Material and Methods
Animals
Two male macaque monkeys, one Macaca fascicularis (MF), aged 20, and one Macaca mulatta (MM1), aged 5, were used for the tracer study. Two male Macaca mulatta, one aged 8 (MM2) and one aged 2.5 years (MM3) were used for the detailed retina analyses. The animals were kept in the primate animal facility of the University of Alabama at Birmingham in 12:12 light:dark conditions. For the tracing study, MM1 and MF received a unilateral injection of 100 μl of 1% cholera toxin B (CtB) (List Biological) in sterile water into the vitreous body using a 1cc tuberculin syringe under isoflurane anaesthesia. Following a survival time of 7 days, the animals were deeply anesthetized with barbiturate and perfused through the aorta with 800 ml of warm (~37°C) 1% Sodium nitrite/0.9% Sodium chloride followed immediately by 4 L of cold (~4°C) 4% paraformaldehyde (PFA in PBS, pH 7.2). Eyes and brain were removed and the eyes were postfixed for 2 hours in PFA with anterior chamber removed during the fixation. The retinas were removed and placed in PBS followed by cryoprotectant (see below). The brains were placed in a solution of 30% sucrose in 0.1M phosphate buffer (PBS) for 48-96 hours. The brains were subsequently frozen, coronally sectioned at 40 μm using an AO 860 sliding microtome, and placed in PBS which was later replaced by cryoprotection solution (30 % sucrose, 1% Polyvinyl-Pyrrolidone (PVP-40), 30 % Ethylene glycol, 0.05 M Sodium phosphate buffer, pH 7.2) for better conservation and thereafter stored at −20 °C until immunohistochemically processed (see below). The anaesthesia used for MM2 and MM3 was initiated with Ketamine followed by Pentobarbital (200 mg/kg BW), and the animals were then perfused through the aorta with 2 L 1% Sodium nitrite/0.9% Sodium chloride and fixed with 3 L Stefani fixative for two 2h. Eyes were removed, the anterior chambers were removed, and they were post fixed overnight in PFA/Stefanini fixative. Subsequently, the retinas were dissected and placed in PBS followed by cryoprotectant.

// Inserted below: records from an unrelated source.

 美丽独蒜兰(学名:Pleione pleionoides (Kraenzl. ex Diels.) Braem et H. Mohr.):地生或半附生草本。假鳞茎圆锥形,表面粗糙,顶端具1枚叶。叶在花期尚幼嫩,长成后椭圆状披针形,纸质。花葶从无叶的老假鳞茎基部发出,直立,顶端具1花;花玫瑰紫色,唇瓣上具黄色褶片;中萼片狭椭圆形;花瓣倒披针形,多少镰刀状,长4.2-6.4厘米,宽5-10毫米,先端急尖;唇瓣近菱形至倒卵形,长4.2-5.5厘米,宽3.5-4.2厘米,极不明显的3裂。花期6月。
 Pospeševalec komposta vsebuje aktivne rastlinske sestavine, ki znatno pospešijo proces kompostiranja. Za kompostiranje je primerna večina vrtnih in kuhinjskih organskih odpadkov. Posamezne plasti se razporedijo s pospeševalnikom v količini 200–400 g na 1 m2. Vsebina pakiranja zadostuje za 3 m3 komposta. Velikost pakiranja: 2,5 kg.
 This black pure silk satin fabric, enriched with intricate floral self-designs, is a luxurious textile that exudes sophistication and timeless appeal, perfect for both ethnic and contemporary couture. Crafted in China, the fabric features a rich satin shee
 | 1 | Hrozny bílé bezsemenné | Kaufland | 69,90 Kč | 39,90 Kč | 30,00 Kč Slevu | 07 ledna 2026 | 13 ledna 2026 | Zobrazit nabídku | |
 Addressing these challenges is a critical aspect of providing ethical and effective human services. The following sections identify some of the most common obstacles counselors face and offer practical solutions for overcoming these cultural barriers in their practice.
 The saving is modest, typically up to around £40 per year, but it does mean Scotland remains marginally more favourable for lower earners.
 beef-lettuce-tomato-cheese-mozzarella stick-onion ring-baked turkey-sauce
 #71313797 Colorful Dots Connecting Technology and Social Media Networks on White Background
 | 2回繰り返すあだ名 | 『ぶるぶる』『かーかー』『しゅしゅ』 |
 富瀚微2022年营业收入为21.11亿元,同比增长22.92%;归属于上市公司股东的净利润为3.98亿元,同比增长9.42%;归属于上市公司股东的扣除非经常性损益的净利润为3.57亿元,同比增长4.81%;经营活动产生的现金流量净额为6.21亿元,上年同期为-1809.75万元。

Experimental procedures were approved by the University of Alabama at Birmingham Institutional Animal Care and Use Committee (IACUC) and complied with the USPHS Policy on Humane Care and Use of Laboratory Animals.
Immunohistochemistry
Brain sections were treated by antigen retrieval solution for 16 h at 40 °C(DAKO ChemMate, code No. S 203120 in distilled water, pH 6) before processing for immunohistochemistry. Flat-mount retinas were treated with antigen retrieval solution for 1.5-2 h at 80 °C (DAKO ChemMate, code No. S 203120 in distilled water, pH 6) followed by immunostaining for PACAP (see below). Subsequently, the retinas received another treatment in antigen retrieval solution of 1.5 h at 80 °C when using the C-terminal anti-melanopsin antibody (see below) or no antigen retrieval when using the N-terminal anti-melanopsin antibody (see below)(DAKO ChemMate, code No. S2367 in distilled water, pH 9).

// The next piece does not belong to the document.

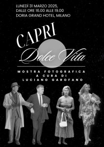 Lunedì 31 marzo p.v. presso il Doria Grand Hotel di Milano si terrà una serata evento dedicata alla bellissima Isola di Capri, meta da sempre amata da intellettuali, artisti, letterati e dal jet set internazionale. Ospiti confermati della serata, organizzata dal Rotary Club Milano International Net insieme al Rotary Club Milano Scala, Paolo Falco, Sindaco della Città di Capri, Melania Esposito, Assessore al Turismo e Cultura della Città di Capri, Luciano Garofano, Giornalista e Scrittore, Lucio Gaeta, titolare del Ristorante "Il Geranio" di Capri, Massimiliano Finazzer Flory, relatore su Capri, Gianluigi Lembo, titolare della ‘Taverna Anema e Core’ di Capri, Diletta Maria Cecilia Loragno, art director ‘Caprincontra’ e ‘Fuori Caprincontra’ e Autorità Civili e Militari di Milano. L’aperitivo e la cena caprese, su prenotazione, sarà organizzata in collaborazione con il Ristorante caprese ‘Il Geranio’, insieme alle Cantine Tiberio di Capri. Nell’occasione sarà possibile visionare la mostra ‘Capri Dolce Vita’, curata da Luciano Garofano, e la mostra ‘Capri. Il blu nel blu’, curata da Diletta Maria Cecilia.
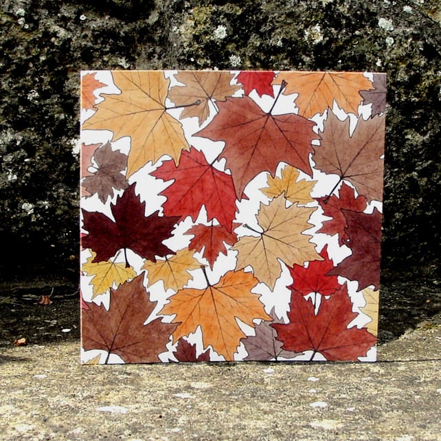 ‘Autumn Leaves’ - This card is a reproduction of one of my original watercolour designs. Inspired by the colours and shapes of fallen plane leaves, I designed a stylised pattern which shows off the rhythms of the curves and points.

Antibody characterization (see also table 1)
Table 1.
Antigen | Immunogen | Manufacture | Dilution used |
---|---|---|---|
PACAP Code MabJHH1 |
PACAP1-38 | In-house | 1:5 |
Melanopsin C- terminal Code no: 5J68 |
C-terminal part of human melanopsin (amino acid sequence of the fusion protein ; see methods) |
In-house | 1:10000 |
Melanopsin N- terminal Code no: hNA |
peptide consisting of 19 amino acid residues, MNPPSGPRVPPSPTQEPSC |
In house by Dr. King-Wai Yau, John Hopkins University |
1:500 |
anti-CtB antibody (code no. 703, Lot #7032E |
aB subunit pentamer of cholera toxin (choleragenoid) |
List Biologicals, Champbell, CA, USA, |
1:1000 |
The PACAP antibody used in the present study was a mouse monoclonal anti-PACAP antibody described in detail previously (Hannibal et al., 1995). The antibody (Code MabJHH1, diluted 1:2) was produced in mice immunized with PACAP38 and the antibody recognized an epitope located at PACAP6-16(Hannibal et al., 1995). Preabsorption with PACAP38, PACAP27 and PACAP6-27 but not PACAP16-38 eliminated all staining on brain tissue (Hannibal et al., 1995). No specific staining using the anti-PACAP antibody is seen in mice lacking the PACAP gene (our unpublished observation).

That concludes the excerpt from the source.